Die Menge an Lachgaskartuschen hat in letzter Zeit – vor allem wegen deren Verwendung als Partydroge – erheblich zugenommen. Vielfach werden diese in die Umwelt entsorgt und müssen dort von den öffentlich-rechtlichen Entsorgungsträgern aufgesammelt werden. Behälter, die auf Grund einer unsachgemäßen Entsorgung in den Müllverbrennungsanlagen landen, verursachen dort erheblichen Schaden.
Die Zentrale Stelle Verpackungsregister (ZSVR) hat festgestellt, dass Lachgaskartuschen als Verpackungen im Sinne des Verpackungsgesetzes zu qualifizieren sind und damit in die Entsorgungsverantwortung der Dualen Systeme fallen. Eine Kostenbeteiligung durch die Dualen Systeme erfolgt bisher nicht, die Behälter sind jedoch zum Teil als gefährliche Abfälle eingestuft und ziehen daher eine teure Sonderentsorgung nach sich.
Öffentlich-rechtliche Entsorgungsträger, die Lachgasbehälter aus der Umwelt aufsammeln oder an ihren Wertstoffhöfen annehmen, müssen diese entweder selbst entsorgen oder mit den Betreibern des Dualen Systems eine einvernehmliche Lösung finden. Bei Entsorgungsträgern mit einem hohen Aufkommen an Lachgasflaschen kann es daher sinnvoll sein, das Thema in die Abstimmungsverhandlungen mit einzubeziehen.

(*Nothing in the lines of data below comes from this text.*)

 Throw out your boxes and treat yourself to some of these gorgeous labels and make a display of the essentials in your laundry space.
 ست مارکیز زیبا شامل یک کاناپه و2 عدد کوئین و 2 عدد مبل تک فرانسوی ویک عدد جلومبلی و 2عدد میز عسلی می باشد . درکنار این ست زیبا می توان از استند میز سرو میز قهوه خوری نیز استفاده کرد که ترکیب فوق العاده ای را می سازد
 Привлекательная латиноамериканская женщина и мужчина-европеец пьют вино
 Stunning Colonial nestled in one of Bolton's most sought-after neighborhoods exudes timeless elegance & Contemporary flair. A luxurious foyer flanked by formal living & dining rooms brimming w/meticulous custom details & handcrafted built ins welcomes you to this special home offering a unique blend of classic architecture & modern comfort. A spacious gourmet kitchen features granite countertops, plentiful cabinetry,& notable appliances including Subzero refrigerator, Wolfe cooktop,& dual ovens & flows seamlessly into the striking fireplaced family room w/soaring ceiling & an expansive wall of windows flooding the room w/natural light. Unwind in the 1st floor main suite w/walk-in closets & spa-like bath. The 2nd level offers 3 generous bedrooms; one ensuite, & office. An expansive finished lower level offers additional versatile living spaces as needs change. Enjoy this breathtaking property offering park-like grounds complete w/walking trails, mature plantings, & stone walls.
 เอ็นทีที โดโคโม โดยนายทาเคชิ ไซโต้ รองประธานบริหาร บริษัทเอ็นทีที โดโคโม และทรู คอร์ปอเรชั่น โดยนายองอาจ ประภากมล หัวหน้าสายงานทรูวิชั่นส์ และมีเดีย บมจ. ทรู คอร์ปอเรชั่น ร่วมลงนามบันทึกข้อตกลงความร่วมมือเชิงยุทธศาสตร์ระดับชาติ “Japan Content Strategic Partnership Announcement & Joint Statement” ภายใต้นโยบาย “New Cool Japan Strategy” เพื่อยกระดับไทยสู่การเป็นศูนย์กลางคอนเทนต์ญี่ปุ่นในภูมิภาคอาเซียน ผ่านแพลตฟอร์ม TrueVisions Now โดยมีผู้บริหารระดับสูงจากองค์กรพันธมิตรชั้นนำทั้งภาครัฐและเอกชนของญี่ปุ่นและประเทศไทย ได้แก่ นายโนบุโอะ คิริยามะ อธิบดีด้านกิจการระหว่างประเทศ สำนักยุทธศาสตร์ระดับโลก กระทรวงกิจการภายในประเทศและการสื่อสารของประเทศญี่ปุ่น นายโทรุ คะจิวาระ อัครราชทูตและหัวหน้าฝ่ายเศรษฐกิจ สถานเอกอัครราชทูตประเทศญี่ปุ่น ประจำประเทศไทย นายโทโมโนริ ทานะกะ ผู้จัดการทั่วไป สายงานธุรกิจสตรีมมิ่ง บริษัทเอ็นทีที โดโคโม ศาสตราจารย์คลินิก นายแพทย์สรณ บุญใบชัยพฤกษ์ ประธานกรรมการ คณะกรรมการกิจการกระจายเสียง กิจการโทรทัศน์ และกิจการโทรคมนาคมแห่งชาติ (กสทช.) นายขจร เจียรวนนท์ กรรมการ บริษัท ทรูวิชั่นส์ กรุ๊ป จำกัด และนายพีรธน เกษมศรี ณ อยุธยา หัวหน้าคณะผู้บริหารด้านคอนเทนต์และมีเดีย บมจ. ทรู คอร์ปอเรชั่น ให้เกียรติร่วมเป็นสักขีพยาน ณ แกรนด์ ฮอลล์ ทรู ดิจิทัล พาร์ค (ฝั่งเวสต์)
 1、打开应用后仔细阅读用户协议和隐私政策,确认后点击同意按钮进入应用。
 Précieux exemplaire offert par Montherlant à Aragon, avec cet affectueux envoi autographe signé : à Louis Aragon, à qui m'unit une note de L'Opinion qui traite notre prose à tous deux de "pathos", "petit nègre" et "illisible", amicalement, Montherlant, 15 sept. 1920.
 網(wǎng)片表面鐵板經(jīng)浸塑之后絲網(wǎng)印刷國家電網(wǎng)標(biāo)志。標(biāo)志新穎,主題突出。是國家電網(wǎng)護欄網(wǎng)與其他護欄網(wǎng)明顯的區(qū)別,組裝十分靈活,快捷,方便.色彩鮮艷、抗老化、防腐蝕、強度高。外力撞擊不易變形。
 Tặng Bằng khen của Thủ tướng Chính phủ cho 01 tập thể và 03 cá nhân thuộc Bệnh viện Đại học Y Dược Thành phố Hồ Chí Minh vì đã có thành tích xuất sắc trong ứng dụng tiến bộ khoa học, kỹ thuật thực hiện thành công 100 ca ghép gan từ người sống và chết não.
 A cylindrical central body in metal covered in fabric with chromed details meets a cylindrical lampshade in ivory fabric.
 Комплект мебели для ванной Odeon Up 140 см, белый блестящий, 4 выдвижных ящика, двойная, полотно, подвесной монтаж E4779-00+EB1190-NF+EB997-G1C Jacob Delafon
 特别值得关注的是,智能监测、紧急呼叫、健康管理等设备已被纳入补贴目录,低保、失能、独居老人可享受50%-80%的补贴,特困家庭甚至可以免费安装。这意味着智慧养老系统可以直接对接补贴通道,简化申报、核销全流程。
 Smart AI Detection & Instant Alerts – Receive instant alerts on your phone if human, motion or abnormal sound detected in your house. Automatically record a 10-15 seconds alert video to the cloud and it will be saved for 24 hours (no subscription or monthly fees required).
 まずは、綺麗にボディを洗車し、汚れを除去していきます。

Mittel- und Langfristige Lösungen können Gesetzesinitiativen auf europäischer und deutscher Ebene sein: In der EU wird die Einführung einer Pfandpflicht für Lachgaskartuschen diskutiert und die Bundesregierung hat im Gesetzesentwurf zur Weiterentwicklung des „neue Psychoaktive Stoffe“-Gesetzes ein Abgabeverbot an Kinder und Jugendliche beschlossen. Das Gesetz soll zwar noch vor den Neuwahlen im Bundestag beschlossen werden, das erscheint momentan jedoch eher unwahrscheinlich. Daher bleibt abzuwarten, ob sich die nächste Bundesregierung dem Thema annimmt.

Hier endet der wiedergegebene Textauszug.